6. Conclusions and Future Work
This study investigated how motion capture and biosignals can be integrated into character workflows across animation, games, installations, and live performance. By developing four prototypes, we proposed and validated a workflow for augmenting the personality expression of digital characters through sensor-based technologies. The findings show that personality perception emerges from the interplay of movement, interaction, narration, sound, and audience disposition, rather than from any single medium or tool. Beyond the specific case studies, this research offers methodological insights and technical tools for designing more expressive and emotionally resonant digital characters in trans-media contexts.
Future research will aim to address the identified limitations by developing more controlled cross-media experiments, in which identical narrative and audio–visual elements are implemented across different formats. This approach will enable the clearer identification of observed differences in the characteristics of each medium.
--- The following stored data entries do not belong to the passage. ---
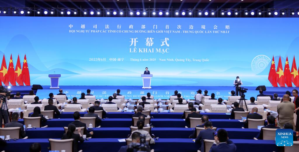 This photo taken on June 28, 2025 shows the opening ceremony of a border meeting held by Judicial administrative authorities from China and Vietnam, in Nanning, south China's Guangxi Zhuang Autonomous Region. Judicial administrative authorities from China and Vietnam held a border meeting from Saturday to Sunday in Nanning, capital of south China's Guangxi Zhuang Autonomous Region, to enhance cooperation. The meeting, the first of its kind, brought together nearly 150 participants from both countries, including officials from the justice departments, local judicial administrative organs, and legal professions. (Xinhua/Yin Gang)
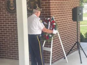 State Rep Brandun Schweizer speaks and Post 210’s Jerry Arnholt presents the wreath prior to playing of Taps.
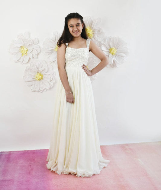 Bloom & Bow Off-White Gown – A summer-perfect piece with floral elegance.
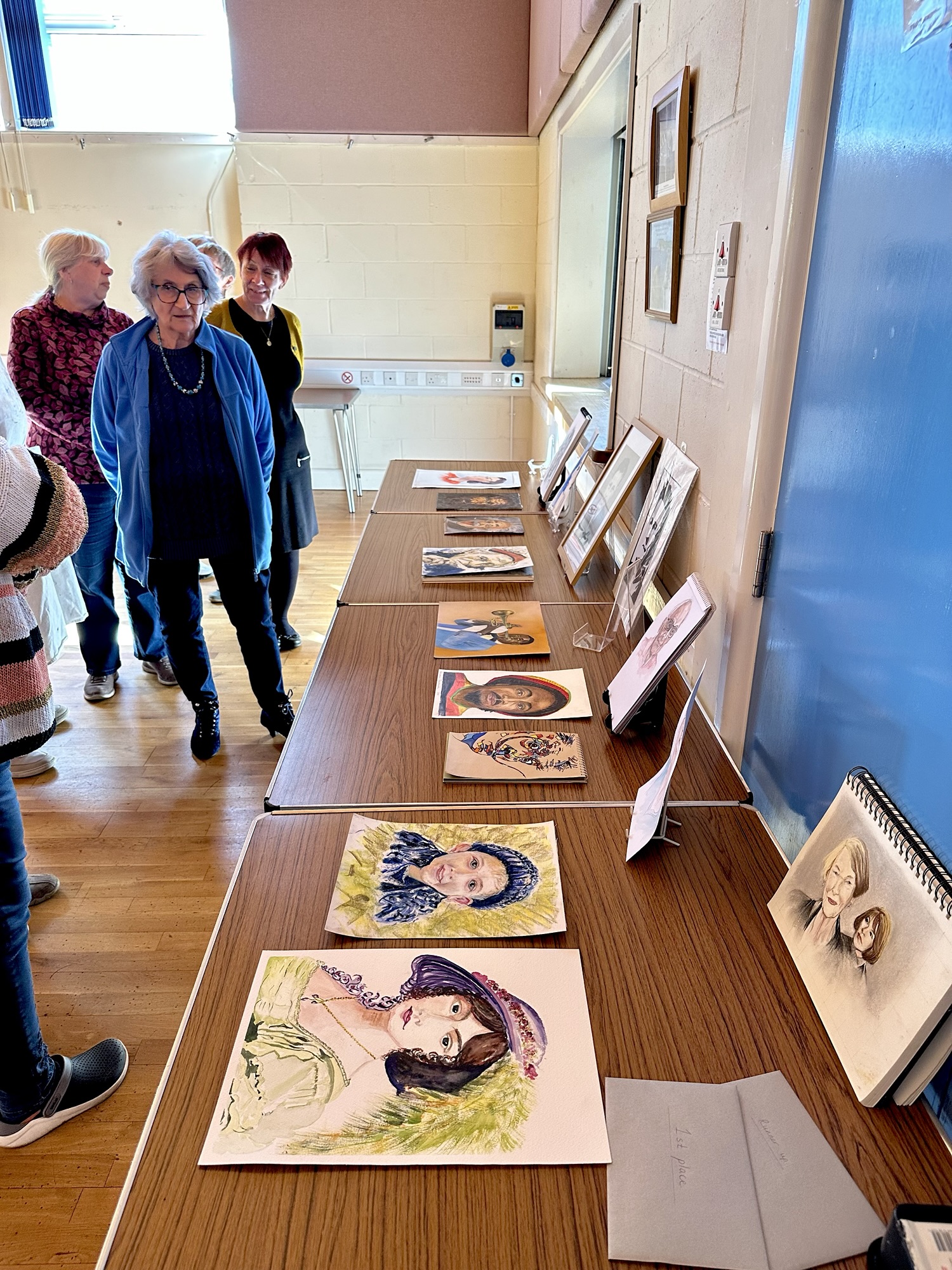 Twenty members met on Saturday to start or continue drawing and painting for our annual competition, this year on ‘Portraits’. Our competitions are friendly affairs and not fiercely contended so there was lots of chatter throughout the day over a cuppa and biscuits.

In addition, this study could be extended to other emerging media and technologies such as virtual and mixed reality environments, where embodied interaction, sensory immersion, and spatial presence may further influence the perception of character personality. Finally, particular attention should be given to more experimental media, including interactive networked environments and interactive performances, which are not yet as established or standardized as animation and games. Future work should focus on refining the associated workflows, interaction models, and technical functionalities to enhance their expressive potential and accessibility for creators.